The End

I’ve finally finished something. After going an entire year last year without finishing anything (over 5000 words, anyway) it really does feel good to be able to say that.

I’ve been working on a novella; a space opera with a “Scarlet Pimpernel” flavor. I initially wanted it to be a novel, but decided that it would make an odd novel the way I’d plotted it, so why not take the first chunk and write it separately? There’s nothing wrong with novellas, after all. Some of my favorite Brandon Sanderson works are novellas.

So still-unnamed-Scarlet-Pimpernel-Space-Opera project came in just under 38,000 words, half-way to a short novel. And it was fun! Oh, sure, it needs some work. A lot of work. But I finished it, and it was fun! I didn’t really plot it out, either, so it proved to be full of surprises.

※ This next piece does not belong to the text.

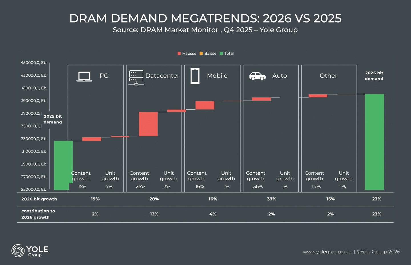 IT之家 1 月 27 日消息,机构 Yole 在近期的报告中指出,2026 年全球按容量 (bit) 计算的 DRAM 内存需求将同比增长 23%,其中数据中心领域将增长 28%,对整体增幅贡献 (13%) 超过半数。
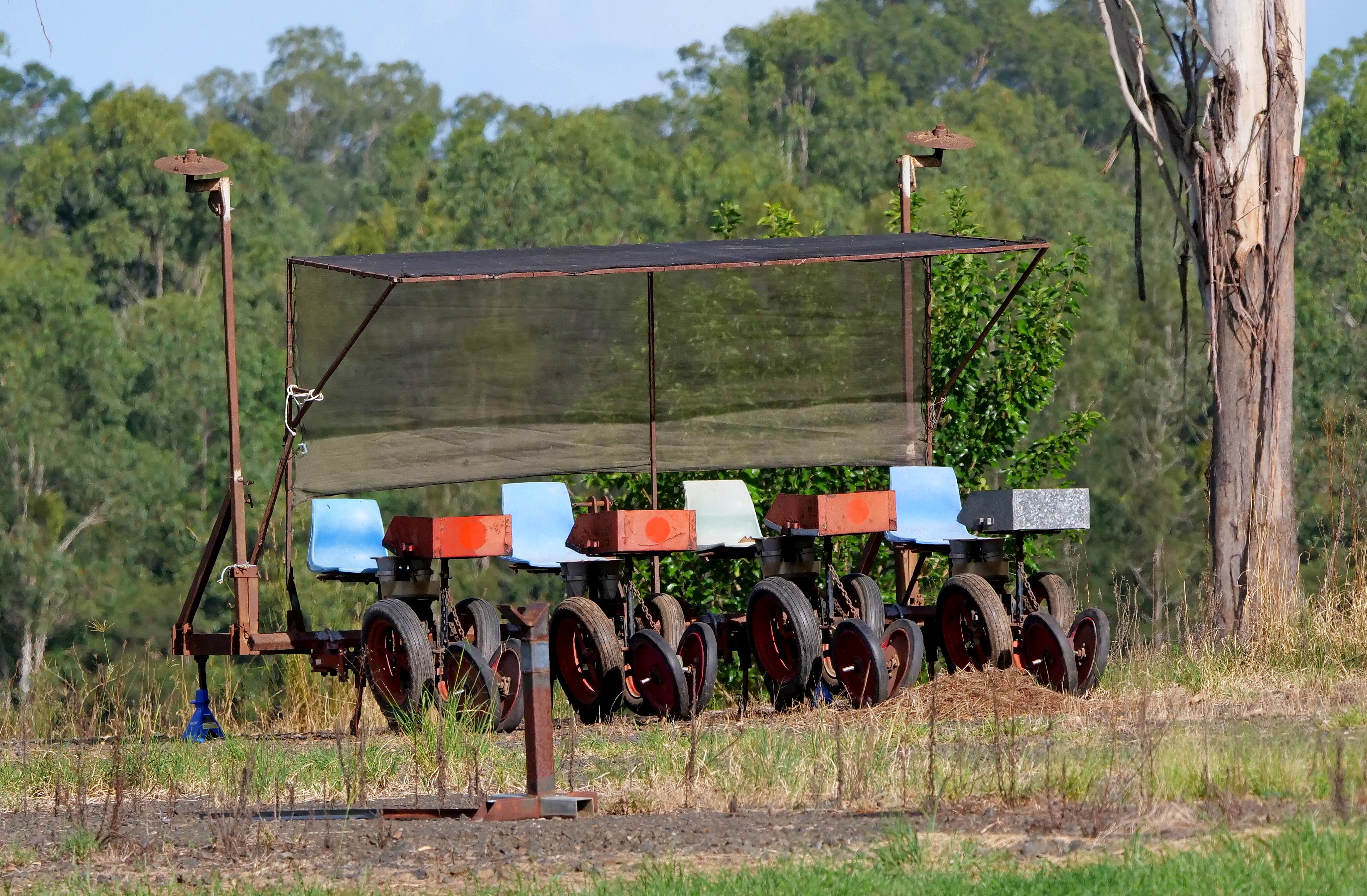 A local farmer has kept this somewhat ancient seedling planter operational

Like the ending. I had been imagining something a little more concrete, a little more “and this is how they came to work together”. But as I was writing today at lunch I hit a point that just seemed the more honest place to leave it. This turned out not to be the “origins” story I had originally envisioned, but focused more on the arc of the narrator. Fulfilling that arc seemed the right note to end on.

So what next? I don’t know. This one goes in the “trunk” for a little while, at least, until it’s unfamiliar enough to come back for an editorial pass. My Futurescapes Writers Workshop is coming up in exactly two weeks. I need to select the excerpt I intend to workshop so I can get copies made for everyone involved.

But after that I’m not sure. I don’t currently have any stories scratching to be let out. I have a couple of manuscripts I wouldn’t mind working over some more. I have also realized lately that the project I worked on in vain all last year was doomed from the start simply because I’d boxed myself into a storyline that didn’t really work. And I’m beginning to learn that I’m not very patient with my own writing. I want things to move forward far more quickly than they need to sometimes. Other writers get away with several paragraphs of description all the time, but I somehow think I’m being too wordy if I take my eyes off the goal for that long.

This has to change. So perhaps I need to do with that project what I did with this one: identify the pieces in play, and then just write and see where it really goes. I don’t think my problem is that I wasn’t capable of writing that story, I just think I forgot to tell the story I wanted to read. I didn’t enjoy it, and so it became work. I’ve already got a job. Writing needn’t become a chore, too.

Anyway, I don’t know what’s next, frankly. And that doesn’t bother me, at least for the moment. I finished a novella. I intend to take a little time to appreciate that fact.